■ Assignment
Reproduce the data exactly and drop any pictures it holds.

■ Input data
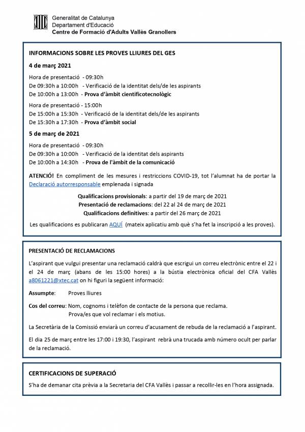 Consulta de resultats proves lliures GES - març 2021
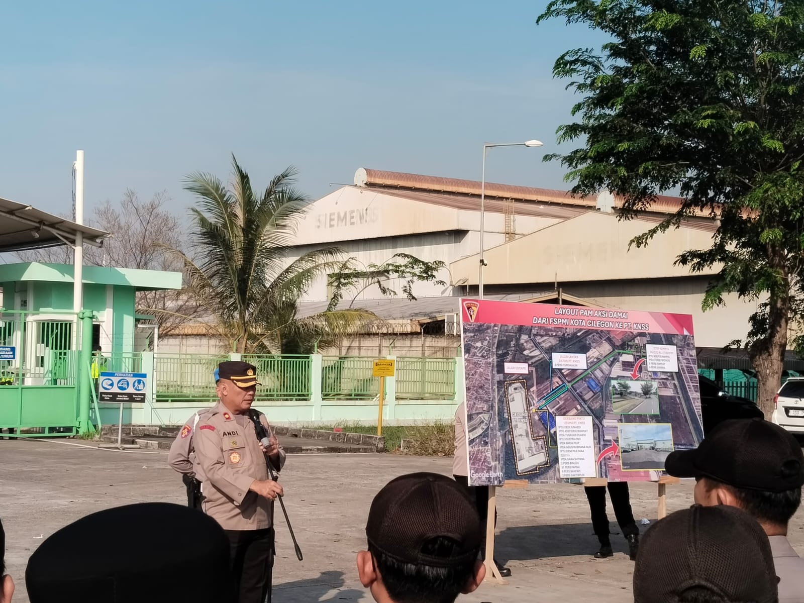 Kapolres Cilegon AKBP Dr. MARTUA RAJA TARIPAR LAUT SILITONGA, S.H., S.I.K., M.Si, melalui Kabagops AKP CHOIRUL ANAM, S.H., M.H., M.Si, menyampaikan bahwa pihak kepolisian telah berkoordinasi dengan panitia aksi serta manajemen PT. KNSS guna mengantisipasi potensi gangguan keamanan dan menjaga situasi tetap damai.
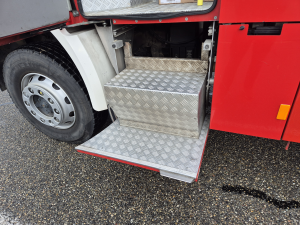 Tanklöschfahrzeug Mercedes-Benz 1634 AF 4x4 Feuerwehr Automatikgetriebe ZF5 HP600 Allradantrieb mit Untersetzung, Sperre hinten und zentral Wassertank: 2500 Liter Schaumtank: 500 Liter Pumpe: Rosenbauer NH300 2'800 l/min Leistung, Hochdruck 300 l/min Schnellangriff links und rechts Dachwerfer Rosenbauer RM24M mit 2'800 l/min, Wurfweite 70m Lichtmast Clark TF445-8, 2x 1000W, Lichtpunkthöhe 5m

■ Problem solution
 Consulta de resultats proves lliures GES - març 2021
 Kapolres Cilegon AKBP Dr. MARTUA RAJA TARIPAR LAUT SILITONGA, S.H., S.I.K., M.Si, melalui Kabagops AKP CHOIRUL ANAM, S.H., M.H., M.Si, menyampaikan bahwa pihak kepolisian telah berkoordinasi dengan panitia aksi serta manajemen PT. KNSS guna mengantisipasi potensi gangguan keamanan dan menjaga situasi tetap damai.
 Tanklöschfahrzeug Mercedes-Benz 1634 AF 4x4 Feuerwehr Automatikgetriebe ZF5 HP600 Allradantrieb mit Untersetzung, Sperre hinten und zentral Wassertank: 2500 Liter Schaumtank: 500 Liter Pumpe: Rosenbauer NH300 2'800 l/min Leistung, Hochdruck 300 l/min Schnellangriff links und rechts Dachwerfer Rosenbauer RM24M mit 2'800 l/min, Wurfweite 70m Lichtmast Clark TF445-8, 2x 1000W, Lichtpunkthöhe 5m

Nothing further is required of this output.